*Available records*.
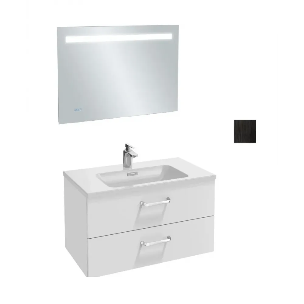 Комплект мебели для ванной Vox 80 см, цвет черное дерево, прямые ручки, подвесной монтаж, с подсветкой EB1160-NF+EXAE112-Z-00+EB2078-R4-E15 Jacob Delafon
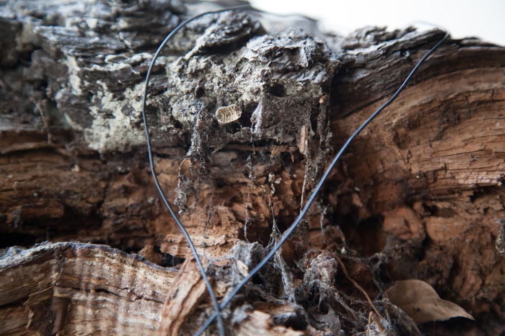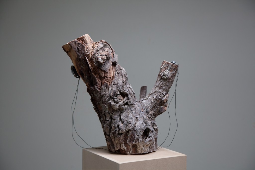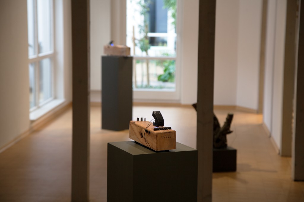 In addition to the instruments, the exhibition featured three other sound sculptures made from the tree. These play recordings of subtle movements inside the tree, like insects crawling, along with sonified bioelectrical signals registered in the moss on its trunk, while the tree was still standing outdoors.
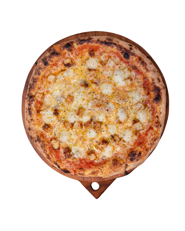 Massa de pizza aberta com as mãos em formato retangular, como se fazia há 2000 anos, com nostro molho de tomates pelados cultivados aos pés do Vesuvio em Napole, mozzarella, peito de frango em cubos, gotas de catupiry e finalizada com orégano.
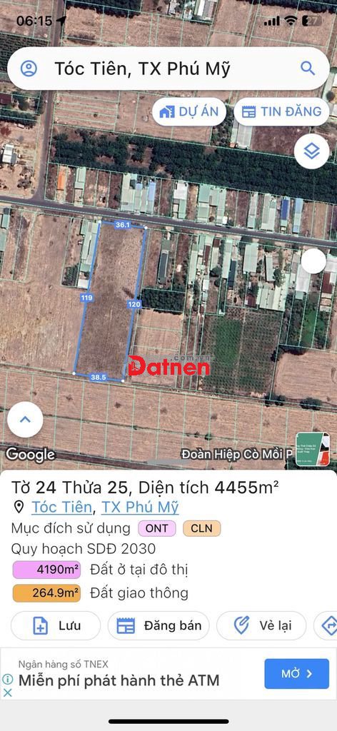 - Lô 40x200m=8229m² chưa thổ cư giá tại đường Mỹ Xuân Tóc Tiên giá 26 tỷ giảm còn 15 tỷ. tiện phân lô bán nền
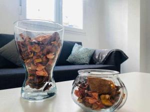 Die Unterkunft umfasst ein klimatisiertes Schlafzimmer mit zwei Betten und synthetischen Kopfkissen ohne Federn. Die voll ausgestattete Kochnische beinhaltet einen Backofen, Herdplatte, Mikrowelle, Kaffeemaschine, Wasserkocher sowie Toaster und sämtliches notwendige Küchenzubehör für Selbstversorgeraufenthalte. Den Gästen stehen zudem ein Essbereich sowie eine Sitzecke mit Schlafsofa und Flachbildfernseher zur Verfügung, außerdem sind Bügeleisen und Bügelmöglichkeiten vorhanden.
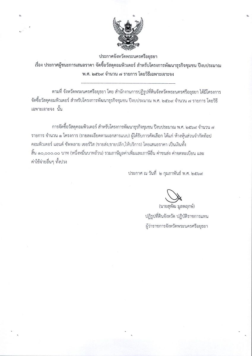 ประกาศผู้ชนะการเสนอราคา จัดซื้อวัสดุคอมพิวเตอร์ สำหรับโครงการพัฒนาธุรกิจชุมชน ปีงบประมาณ พ.ศ. 2569 จำนวน 7 รายการ โดยวิธีเฉพาะเจาะจง
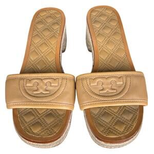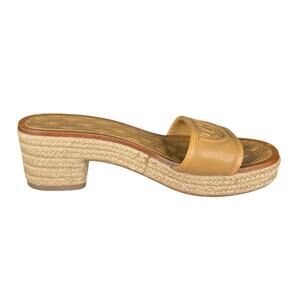 Tory Burch Women’s Fleming Tan Leather Espadrille Slide Sandal Size US 6.5
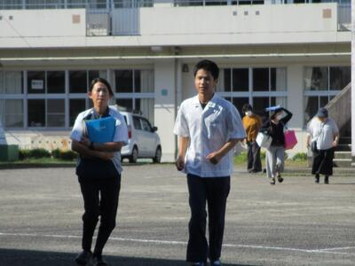 1年生で数学と理科、英語の研究授業が行われました。数学では、文章問題に書かれていることを読み取って、文字式の等式をつくる内容でした。周囲と話し合ったり個人で解いたりして、最後にはAIドリルで演習を行っていました。理科では、身近なものを使って発生した気体を確かめる実験をしました。班で話し合って実験内容や実験器具を決め、発生する気体を予想して実験をしていました。英語では、自己紹介から身近なものをALTに伝える授業をしました。タブレットで調べたり友人や先生に聞いたりして会話文を作成していました。ALTのハドソン先生は来学期は他の学校に派遣されます。これまで本当にお世話になりました。

*Exercise objective*. Reproduce the lines from the one holding "Massa de pizza" through the end of the entries above exactly, keeping both ends and dropping every picture.

*Result below*.
 Massa de pizza aberta com as mãos em formato retangular, como se fazia há 2000 anos, com nostro molho de tomates pelados cultivados aos pés do Vesuvio em Napole, mozzarella, peito de frango em cubos, gotas de catupiry e finalizada com orégano.
 - Lô 40x200m=8229m² chưa thổ cư giá tại đường Mỹ Xuân Tóc Tiên giá 26 tỷ giảm còn 15 tỷ. tiện phân lô bán nền
 Die Unterkunft umfasst ein klimatisiertes Schlafzimmer mit zwei Betten und synthetischen Kopfkissen ohne Federn. Die voll ausgestattete Kochnische beinhaltet einen Backofen, Herdplatte, Mikrowelle, Kaffeemaschine, Wasserkocher sowie Toaster und sämtliches notwendige Küchenzubehör für Selbstversorgeraufenthalte. Den Gästen stehen zudem ein Essbereich sowie eine Sitzecke mit Schlafsofa und Flachbildfernseher zur Verfügung, außerdem sind Bügeleisen und Bügelmöglichkeiten vorhanden.
 ประกาศผู้ชนะการเสนอราคา จัดซื้อวัสดุคอมพิวเตอร์ สำหรับโครงการพัฒนาธุรกิจชุมชน ปีงบประมาณ พ.ศ. 2569 จำนวน 7 รายการ โดยวิธีเฉพาะเจาะจง
 Tory Burch Women’s Fleming Tan Leather Espadrille Slide Sandal Size US 6.5
 1年生で数学と理科、英語の研究授業が行われました。数学では、文章問題に書かれていることを読み取って、文字式の等式をつくる内容でした。周囲と話し合ったり個人で解いたりして、最後にはAIドリルで演習を行っていました。理科では、身近なものを使って発生した気体を確かめる実験をしました。班で話し合って実験内容や実験器具を決め、発生する気体を予想して実験をしていました。英語では、自己紹介から身近なものをALTに伝える授業をしました。タブレットで調べたり友人や先生に聞いたりして会話文を作成していました。ALTのハドソン先生は来学期は他の学校に派遣されます。これまで本当にお世話になりました。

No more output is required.